SETIF.INFO

Accueil > Setif.info (1999-2021) > Culture > Exils : de Sétif à Paris

PARIS (4)

dimanche 7 août 2011, , article écrit par Amar Koroghli et publié par La rédaction


Le quartier latin, mon premier quartier, n’était pas loin. J’y descendais par moments, le boulevard Saint Michel n’était pas loin. Pendant longtemps, j’eus à le fréquenter et d’en faire un lieu de prédilection. J’y rencontrais des compatriotes et me rendais dans ses cinémas.

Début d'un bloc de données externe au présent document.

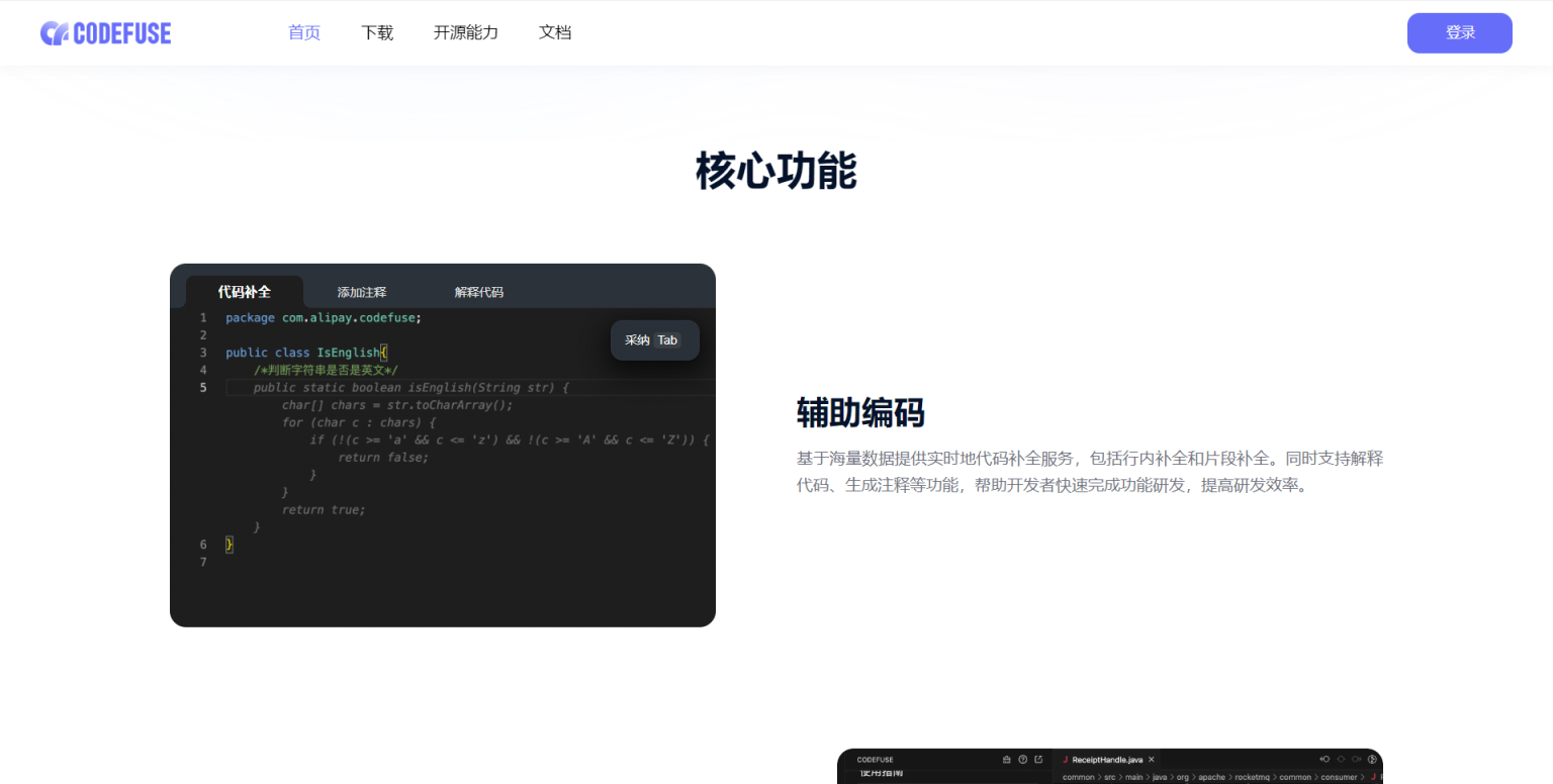 CodeFuse 是一个开源的代码编辑器,它支持多种编程语言,包括 Java、C++、Python、PHP 等。CodeFuse 提供了丰富的功能,例如语法高亮、代码折叠、代码格式化、代码检查、代码导航等。

Certaines salles étaient spécialement réservées à la projection de films étrangers dont nous raffolions. Sans doute parce que nous pensions y trouver quelque réconfort loin de nos patries. Nous devions absolument reconvertir quelque peu nos mentalités pour mieux comprendre les ressorts de la société d’accueil. Ce fut un minutieux apprentissage. Se mettre dans la peau de l’autre pour mieux le comprendre et se faire admettre.

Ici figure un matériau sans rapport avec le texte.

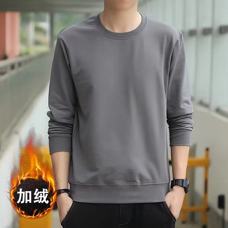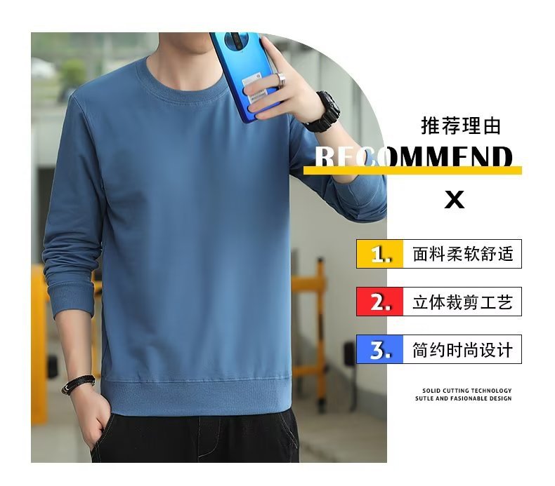 新款圆领套头卫衣男潮牌慵懒风春秋休闲外套纯色上衣潮流体恤批发

Parmi mes nouveaux amis figuraient des Maghrébins, des Africains, des Latino-américains, des Européens… J’appris à être Africain et Maghrébin à Paris. L’occasion me fut offerte de connaître moult étudiants en thèse. Souvent, pour financer nos études –en fait nos loyers et notre nourriture-, nous eûmes à exercer toutes sortes de travaux qui allaient de deux heures à deux mois. Et notamment les soirs, les week end et l’été. Combien d’années sans congés, ni vacances ? A foison. Nous étions une sorte de lumpen prolétariat… intellectuel. Et pourtant, nombreux sont ceux et celles qui ont réussi ainsi à préparer leurs diplômes. Ce fut en effet le prix à payer. Notre jeunesse nous protégeait alors. La lecture et la curiosité également. Haro sur le savoir !

Beaubourg. Il m’arriva de fréquenter ce lieu de culture durant plusieurs années. Je m’émerveillais de tant de production de livres. A la portée de tout un chacun. Je passais des heures entières à lire, parfois tout un dimanche. C que je fis lus tard à la Cité des Sciences. Souvent pour étancher ma curiosité dans des matières autres que le droit. Exercice conjugué à la lecture de journaux et revues en bibliothèques municipales. De nombreuses années, cette soif d’apprendre et de découvrir estompa l’exil. J’y étudiais nombre d’auteurs venus d’ailleurs. Je voyageais ainsi tantôt en Asie, tantôt en Amérique latine. En Afrique et au Moyen-Orient aussi. Il me fut agréable de discuter avec d’autres étudiants venus de divers pays. Au café situé tout en haut de cet édifice culturel, je pus voir Paris et ses toits. Rester ainsi en contemplation de la ville cosmopolite. Quel régal !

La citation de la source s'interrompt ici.